> **The data**:
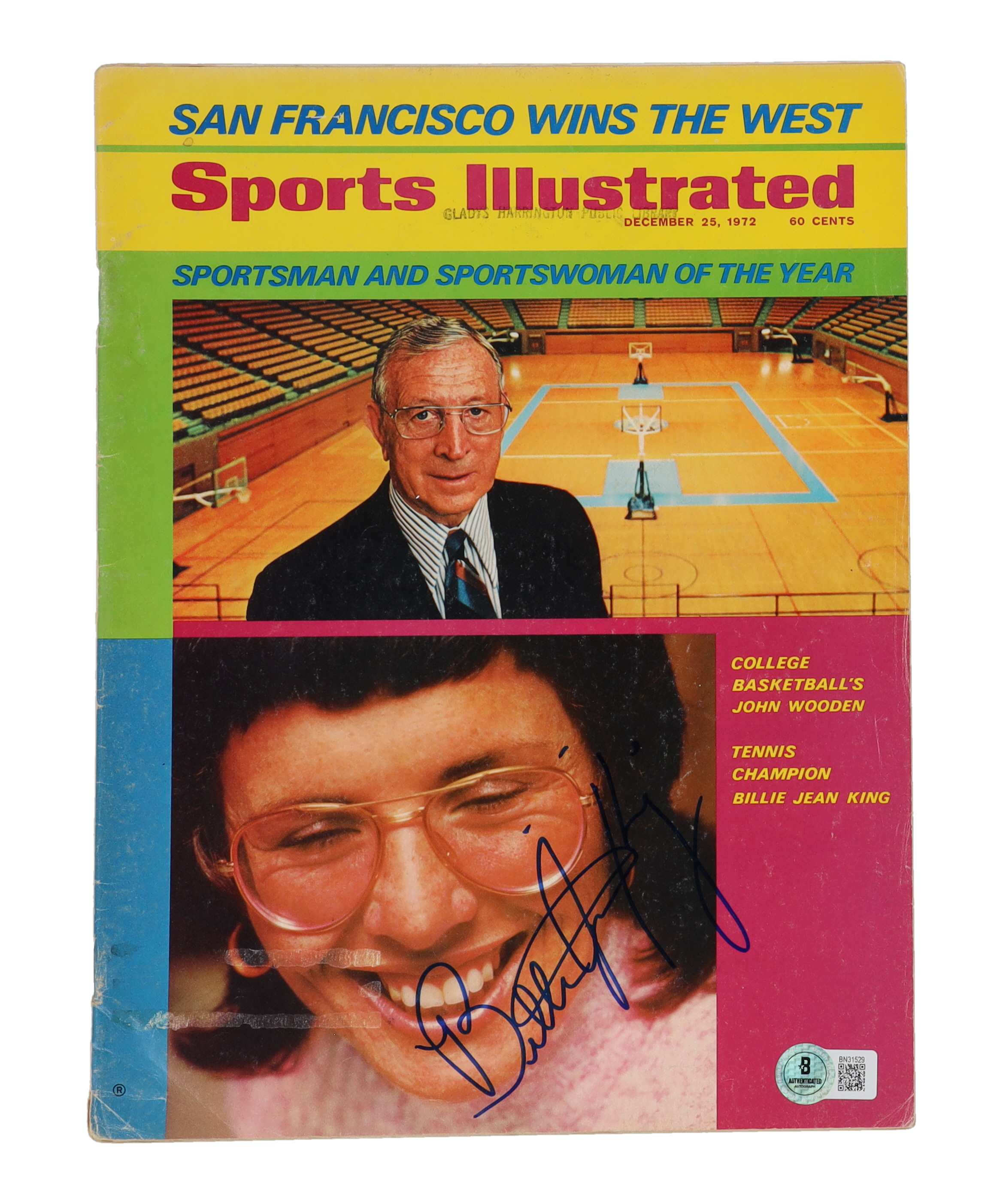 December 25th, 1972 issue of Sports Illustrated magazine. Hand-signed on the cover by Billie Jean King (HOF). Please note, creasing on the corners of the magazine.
...
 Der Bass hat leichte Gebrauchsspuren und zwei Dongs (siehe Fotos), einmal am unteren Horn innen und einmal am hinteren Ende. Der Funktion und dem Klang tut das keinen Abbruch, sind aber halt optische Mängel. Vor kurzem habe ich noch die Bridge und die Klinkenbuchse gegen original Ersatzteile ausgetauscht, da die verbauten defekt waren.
--
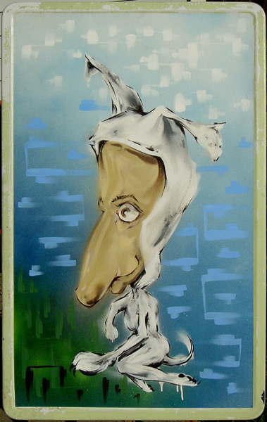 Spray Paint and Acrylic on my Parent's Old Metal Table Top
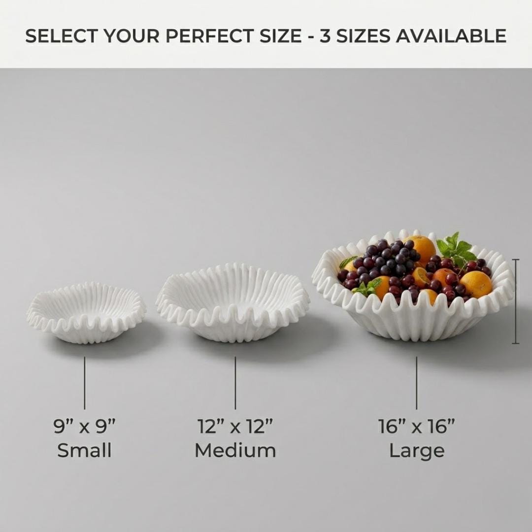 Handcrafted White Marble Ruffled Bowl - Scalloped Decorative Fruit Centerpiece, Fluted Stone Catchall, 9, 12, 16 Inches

> **Assigned task**:
Take the material above from the line containing "Spray Paint and" up to and including the line containing "Handcrafted White Marble" and retype it exactly, without any pictures.

> **Problem solution**:
 Spray Paint and Acrylic on my Parent's Old Metal Table Top
 Handcrafted White Marble Ruffled Bowl - Scalloped Decorative Fruit Centerpiece, Fluted Stone Catchall, 9, 12, 16 Inches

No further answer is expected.